Robotique et matériel

Aisprid lève 10 millions d’euros pour automatiser l’effeuillage des tomates

La start-up malouine Aisprid annonce une levée de fonds de 10 millions d’euros pour industrialiser son robot d’effeuillage des plants de tomates. Déjà déployée dans des serres françaises, sa machine vise à répondre au manque de main-d’œuvre pour une opération répétitive, précise et importante dans la conduite des cultures.

Robot autonome d’effeuillage d’Aisprid au travail entre deux rangs de plants de tomates sous serre
Illustration : Actu.ai

L’automatisation agricole ne se joue pas uniquement au moment de la récolte. Dans les serres de tomates, l’effeuillage est une opération discrète mais très concrète, qui consiste à retirer certaines feuilles pour accompagner la conduite des plants. C’est sur cette tâche répétitive et minutieuse que se concentre Aisprid, une start-up installée à Saint-Malo. Le 21 janvier 2025, elle a annoncé avoir réuni 10 millions d’euros pour passer à l’échelle.

Ce financement en série A doit permettre à l’entreprise bretonne d’augmenter ses capacités de production et de préparer une nouvelle génération de robots. Son pari est ciblé : au lieu de chercher immédiatement à automatiser toutes les étapes de la culture sous serre, Aisprid s’attaque à un geste précis, chronophage et difficile à pourvoir en main-d’œuvre.

Une série A de 10 millions d’euros pour changer d’échelle

Le tour de table de 10 millions d’euros est mené par Innovacom. Bpifrance y participe par l’intermédiaire de son fonds French Tech Seed, aux côtés des investisseurs historiques et de business angels d’Aisprid. La somme succède à une première levée de 4,6 millions d’euros, réalisée en juin 2021.

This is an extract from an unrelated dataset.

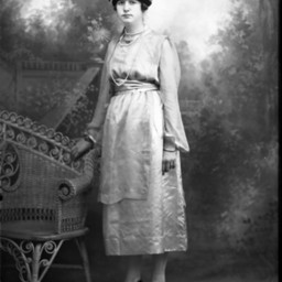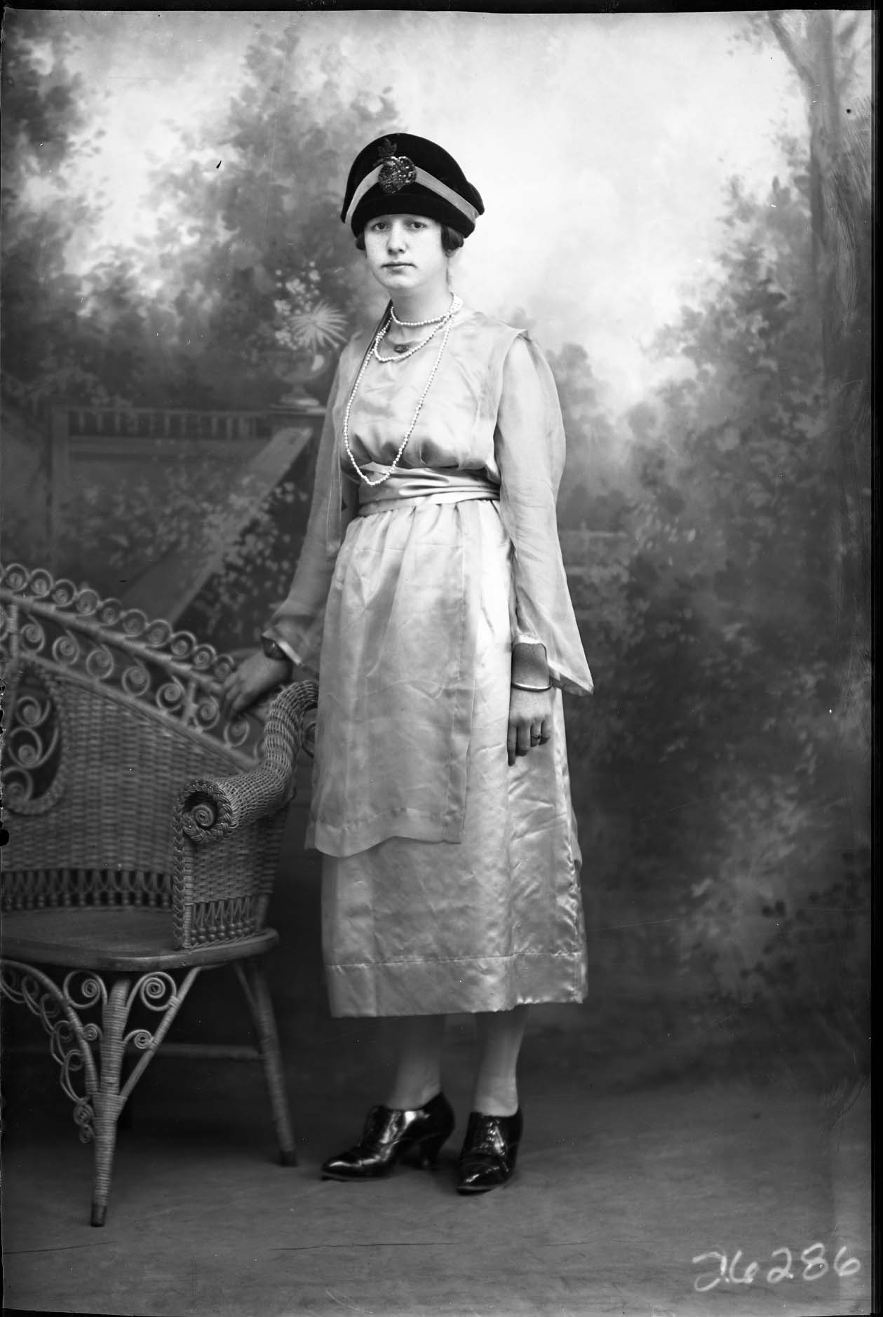 Unidentified woman in a hat and long-sleeved dress, is standing by a wicker chair.

Fondée en 2020, l’entreprise entend utiliser ce nouveau capital pour répondre à deux impératifs qui vont de pair : produire davantage de machines et améliorer encore leur fonctionnement dans les serres. Pour une jeune société qui développe à la fois un robot mobile, des systèmes de vision et des outils de coupe, le passage de prototypes ou de petites flottes à une production plus importante est une étape décisive.

DateÉtape annoncée par AispridCe qu’elle révèle
2020Création d’Aisprid à Saint-MaloL’entreprise se spécialise dans la robotique pour le maraîchage sous serre.
Juin 2021Première levée de 4,6 millions d’eurosLes premiers développements technologiques sont financés.
Avril 2024Feu vert reçu pour construire une usine de 3 000 m²Aisprid prépare une montée en capacité industrielle.
Janvier 2025Série A de 10 millions d’euros annoncéeLa société veut accélérer la production et développer de nouveaux robots.

L’accord obtenu en avril 2024 pour construire une usine de 3 000 m² s’inscrit dans la même trajectoire. Aisprid ne présente donc pas cette levée comme une simple enveloppe dédiée à la recherche : il s’agit aussi de donner une dimension industrielle à sa solution.

Pourquoi l’effeuillage est-il un sujet pour les producteurs de tomates ?

Une serre de tomates n’est pas un environnement figé. Les plants poussent, les rangs sont denses et les opérations d’entretien se succèdent pendant la culture. L’effeuillage fait partie de ces tâches de conduite : il faut reconnaître les feuilles concernées, se positionner correctement puis réaliser une coupe précise, sans perturber le reste du plant.

Ce travail requiert de la régularité et mobilise des équipes dans un contexte où les producteurs font face à un déficit de main-d’œuvre machiniste, selon Aisprid. C’est ce besoin qui structure le positionnement de l’entreprise : son robot n’a pas vocation à remplacer indistinctement tous les métiers de la serre, mais à automatiser une opération pénible et répétitive afin de réduire la dépendance à la disponibilité immédiate de personnel.

L’intérêt d’une telle automatisation dépend naturellement de l’organisation de chaque exploitation. Les méthodes de conduite, le rythme de travail et les contraintes agronomiques varient d’une serre à l’autre. Mais la logique est simple : confier à une machine une tâche standardisable, tandis que les équipes humaines conservent les interventions qui réclament jugement, surveillance et adaptation.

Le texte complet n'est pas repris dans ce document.